Анастасия Ивановна Цветаева. Воспоминания
назад -
далее - к содержанию

Раздел первый. ДЕТСТВО
Часть первая РОССИЯ
Глава 11 ЗИМА. РОЖДЕСТВО. МАСЛЕНИЦА. ВЕСНА. ЧУЖИЕ ДЕТИ. ГОРЬКИЕ СЛЕЗЫ

Когда, после долгих дней осени — рыжих верхушек деревьев, то сбрызнутых в ветре солнцем, то поливаемых скучно текущими дождями — и казалось, никогда не перестанет течь, захлебываясь на лету, вода из водосточных труб с крыши, и вспоминался Ной и Всемирный потоп, — когда вдруг холодало по-новому в этот раз, но знакомому издавна, когда мама и Августа Ивановна с няней или горничной Машей насыпали дом серебристым запахом нафталина вынимаемых из сундуков шуб; когда еще мы спали, а уже трещали вовсю звонкими березовыми дровами печи, и все же мы просыпались (в детском счастье утреннего уюта) от узнаваемого комнатного холодка — тогда вдруг детская сияла вся — точно ее всю, по обоям, побелили — и кто-то, несший теплые чулки и лифчики, объявлял радостно, как подарок: — Ну, дети, скорей вставайте! Сегодня выпал первый снег!

И тогда, босиком, дрожа у уже запушенных, как в белом меху, окон, мы видели с высоты мезонина всю длинную широкую любимую шкатулку двора, по которой еще вчера топали — по сухому ли холоду, по лужам ли, ноги — такую бесконечно иную, стихшую, глухо ушедшую в белизну, еще не исчерченную следами и тропинками следов, кроме котовых Васиных (белых от такой черноты?!.), праздничную и победную после стольких месяцев борьбы с плескавшей и облетавшей осенью. И тогда и дети, и старшие, все говорили: «Пришла зима!»
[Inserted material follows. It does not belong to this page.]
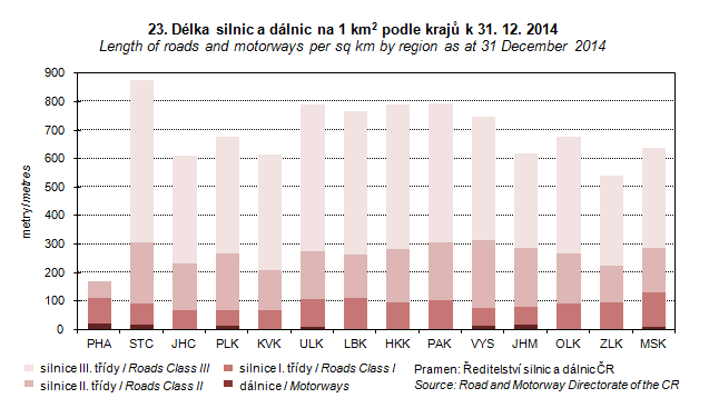 Graph 23. Length of roads and motorways per sq km by region as at 31 December 2014

И тогда, только тогда — раньше оно не думалось, точно сгинуло за жаркой завесой лета — не «вдруг вспоминалось» — о нет! — начинало медленно, затая грядущую радость, брезжиться, приближаться, словно во сне обнимая, подкрадываться, больше всего на свете любимое, не забытое — о нет, нет! — разве оно могло позабыться! незаменимое ничем, даже Пасхой! — Рождество!.. И тогда наступал счет месяцев и недель.
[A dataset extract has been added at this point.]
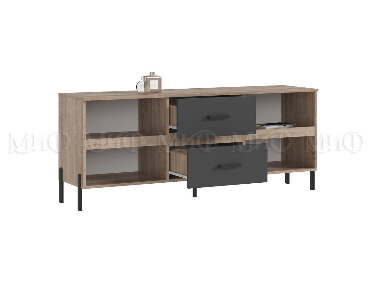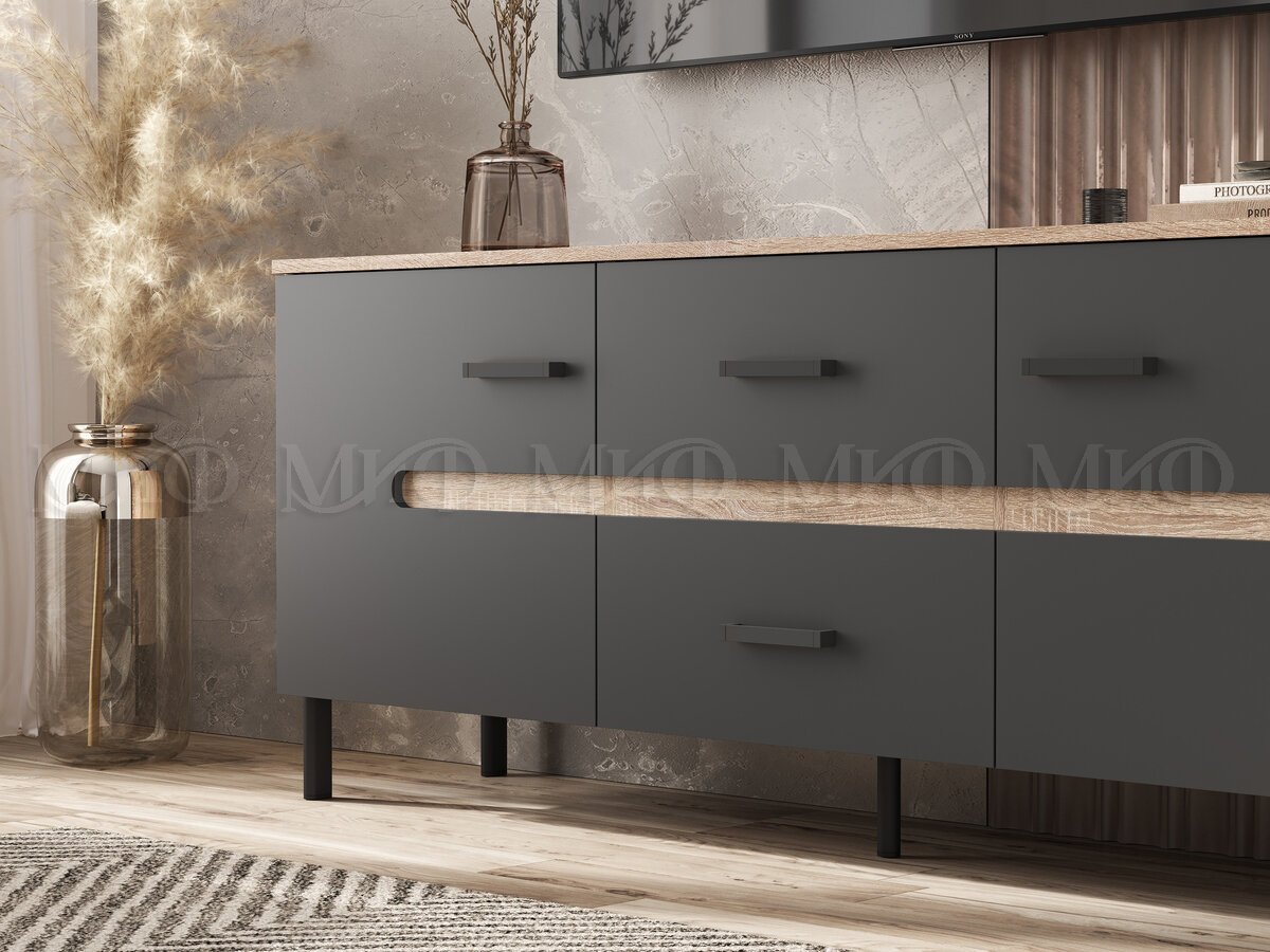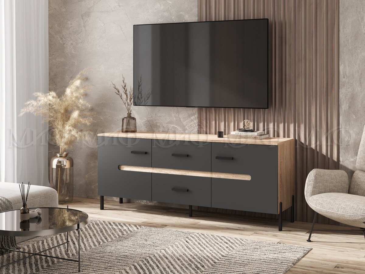 - Тумба ТВ (металл) Ким Графит Софт, Дуб Сонома

В снегом — почти ярче солнца — освещенной зале, сбежав вниз по крутой лесенке мимо янтарных щелок прикрытых печей, — мы впивались во вдруг просверкавшее слово «Рождество», как девушка в сверкнувшее ожерелье. Как хрустнуло оно, произнесясь в душном коридоре, затаенным сияньем разноцветных своих «р», «ж», «д», своим «тв» ветвей, жарко-прохладным гуденьем повторившегося сквозного «о» (точно oно насквозь него прохрустело, как прохладные осколки только что жаром пылавшей бусины, надетой на — к другой — убегавшую нить). И оно пахло — и лепестком мандарина, и воском, горячим, и давно потухшей, навек, дедушкиной сигарой; и оно звучало его звонком в парадную дверь и маминой (ее детства) полькой, желто-красными кубиками прыгавшей из-под клавиш на квадраты паркета и уносившейся с нами вместе по анфиладе комнат таким разбегом, что лет сорок спустя, в годы страшной войны, в час утешающей дошкольной радиопередачи, услыхав внезапно те самые желто-красные мамины музыкальные кубики, я вскочила, ошалев, из-за своего арифмометра и, боюсь, понеслась бы вскачь меж чертежных столов конторы — если бы не запнулась о свой.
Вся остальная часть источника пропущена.